● RECORDED INFORMATION:

---+---

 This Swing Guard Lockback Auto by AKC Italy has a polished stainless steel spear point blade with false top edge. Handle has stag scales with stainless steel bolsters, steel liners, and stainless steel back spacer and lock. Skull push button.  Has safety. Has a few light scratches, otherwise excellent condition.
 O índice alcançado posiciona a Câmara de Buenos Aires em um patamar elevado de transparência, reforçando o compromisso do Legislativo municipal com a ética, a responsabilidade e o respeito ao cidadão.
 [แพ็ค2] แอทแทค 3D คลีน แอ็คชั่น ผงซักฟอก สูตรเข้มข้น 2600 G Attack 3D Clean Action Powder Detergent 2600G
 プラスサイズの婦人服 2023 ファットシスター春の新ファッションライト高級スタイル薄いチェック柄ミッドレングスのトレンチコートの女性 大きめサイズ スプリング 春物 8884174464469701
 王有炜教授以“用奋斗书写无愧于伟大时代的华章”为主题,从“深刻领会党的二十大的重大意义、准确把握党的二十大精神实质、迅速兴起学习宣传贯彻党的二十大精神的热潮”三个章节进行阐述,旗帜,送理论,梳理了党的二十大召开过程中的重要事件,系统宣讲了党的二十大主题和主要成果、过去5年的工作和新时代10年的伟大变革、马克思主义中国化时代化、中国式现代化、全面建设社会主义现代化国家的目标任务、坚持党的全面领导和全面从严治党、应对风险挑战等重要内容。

---+---

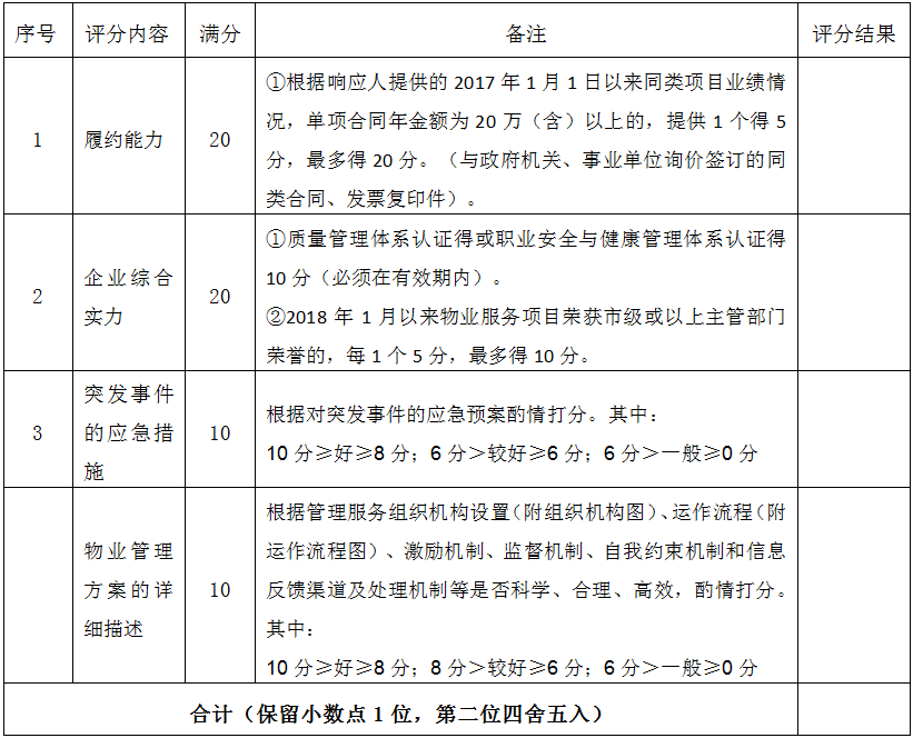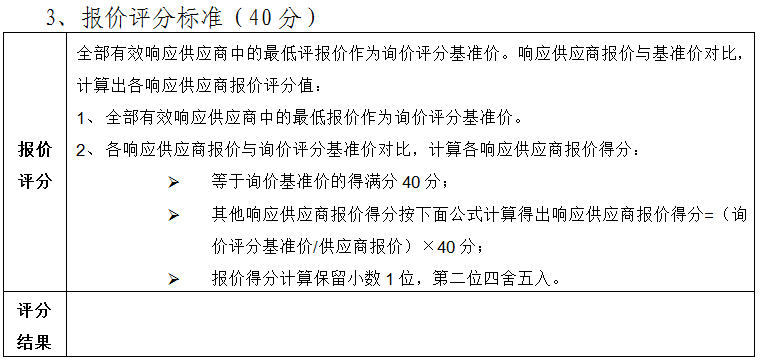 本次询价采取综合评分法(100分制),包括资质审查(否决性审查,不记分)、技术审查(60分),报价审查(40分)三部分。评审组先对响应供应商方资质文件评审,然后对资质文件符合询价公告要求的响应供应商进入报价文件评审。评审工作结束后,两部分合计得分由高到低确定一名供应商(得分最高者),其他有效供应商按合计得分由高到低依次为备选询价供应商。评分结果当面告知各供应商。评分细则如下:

---+---

● TASK TO CARRY OUT: Taking the entries above, restate exactly those lines that fall between the line with "[แพ็ค2] แอทแทค 3D" and the line with "スプリング 春物 8884174464469701", keeping both of those lines too.

● EXERCISE OUTPUT:
 [แพ็ค2] แอทแทค 3D คลีน แอ็คชั่น ผงซักฟอก สูตรเข้มข้น 2600 G Attack 3D Clean Action Powder Detergent 2600G
 プラスサイズの婦人服 2023 ファットシスター春の新ファッションライト高級スタイル薄いチェック柄ミッドレングスのトレンチコートの女性 大きめサイズ スプリング 春物 8884174464469701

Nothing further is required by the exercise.